Çin, Japonya'dan daha Japon

Japonya'nın 1990'ların başında emlak balonunun patlamasından sonraki deneyimi yavaş büyüme, düşük enflasyon ve düşük politika faizi ile kötüleşen demografik eğilimlerin birleşimi olarak tanımlanan 'Japonlaşma' terimini ortaya çıkarırken, bu olguyu ölçmek için enflasyon oranı, nominal politika faizi ve GSYİH açığının toplamını ölçen bir Japonlaşma Endeksi ortaya konuldu. Bu endekse göre Çin şu anda Japonya’dan daha fazla Japonya haline geldi.
Çin’in 1978'de başlayan ticari liberalleşmesinin beraberinde 1 milyar kişinin yoksulluktan çıkarılmasını sağladığını belirten Medipol Üniversitesi Dr. Öğretim Üyesi Deniz İstikbal, bu süreçte 2 trilyon doları aşan doğrudan yabancı yatırım stokunun Batılı teknoloji ve üretim modellerini Çin'e taşıdığını, ancak Çin’in salgın sonrasında iktisadi büyümeyi sürdürmede zorlandığını ifade ediyor.
Çin 2024'ün üçüncü çeyreğinde yüzde 4,6 büyüyerek piyasa tahminleri olan 4,5'in ve ikinci çeyrekteki 4,7'lik artışın altında kaldı. Çin, GSYİH açısından en büyük düşüşü ise pandemi tedbirleri nedeniyle 2022’de yaşadı.
Konut piyasasında önlemler alındı

Çin Ticaret Derneği Genel Başkanı Barış Ariç, Japonya’nın 90’lı yıllarda emlak balonunun patlaması ve büyümenin durması ile ortaya çıkan durgunluğunun, küresel ekonomide travma yarattığını belirterek bu nedenle benzer durumlarda akla ilk olarak Japonya’nın geldiğini belirtiyor.
Çin’in özellikle iki yıldır büyüme hedeflerini tutturamamasının emlak sektöründeki zayıflık ve tüketici talebindeki durgunluktan kaynaklandığını ifade eden Ariç, bu anlamda Japonya ile benzerlik olduğunu, ancak benzerlikler olsa da her iki ülke durumunun oldukça farklı olduğunu değerlendiriyor.

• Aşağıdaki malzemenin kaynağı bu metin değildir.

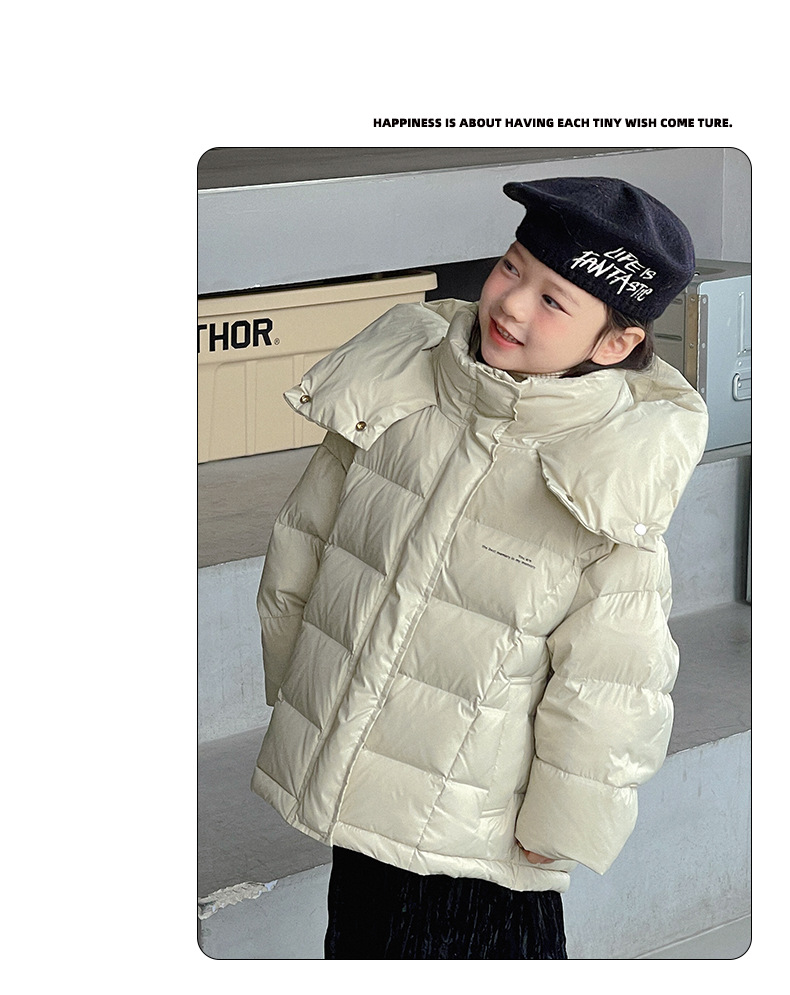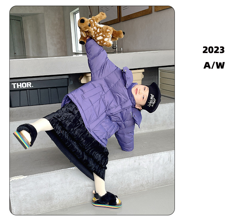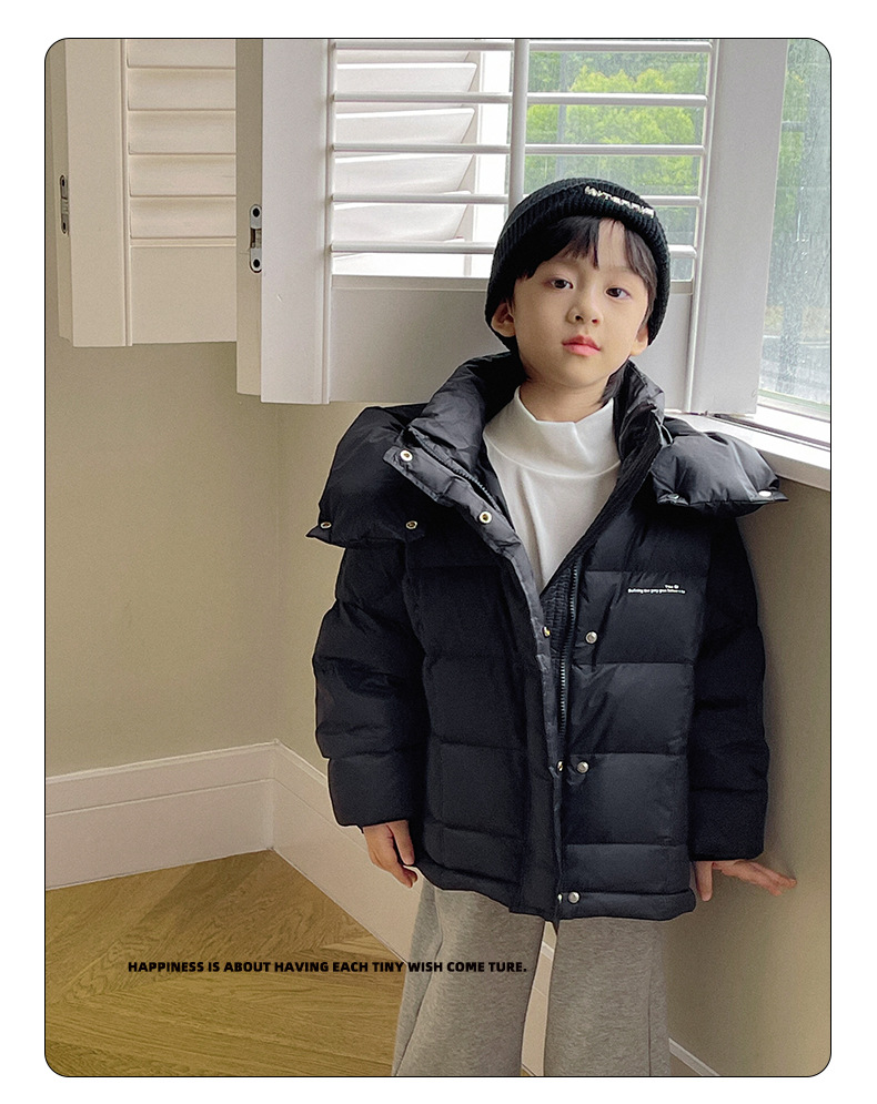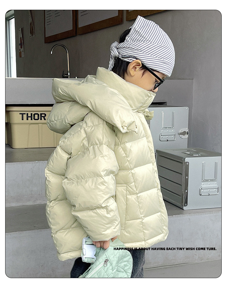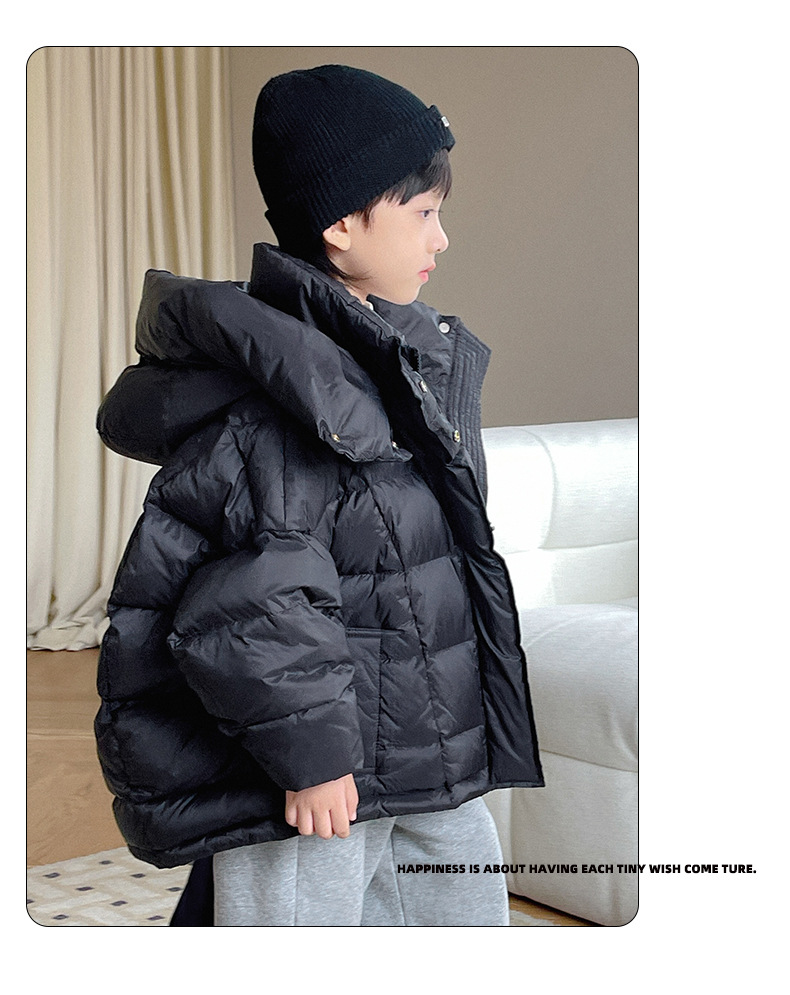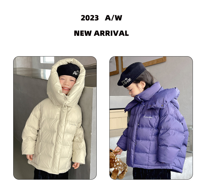 「三色可选!长款羽绒服」呦奇2023冬季新款韩版个性龟背设计时尚印花连帽儿童羽绒服童装

Örneğin Çin’in kişi başına düşen GSYİH’si 1990’lardaki Japonya deneyimi ile kıyaslandığında, ülkenin toparlanmasının daha kolay olabileceği değerlendiriliyor. Bununla beraber Çin ekonomisindeki karamsarlığın aşılması için öncelikle ülkede ekonomik dönüşümün başlaması gerektiği de belirtiliyor.
Pandemi sonrasında Çin, konut krizini aşmak için doğrudan satın alımlarda kısıtlamalar, daha yüksek asgari peşinat gereksinimi ve konutta fiyat tavanları uygulamaya başladı. Ayrıca Çin’in daha düşük kentleşme oran, işgücü arzının hala yüksek olması, para biriminin değerinin düşük olması, daha büyük bir iç pazar ve daha güçlü banka bilançoları, Japonya deneyimi yaşanmayacağı konusunda temel unsurlar olarak görülüyor.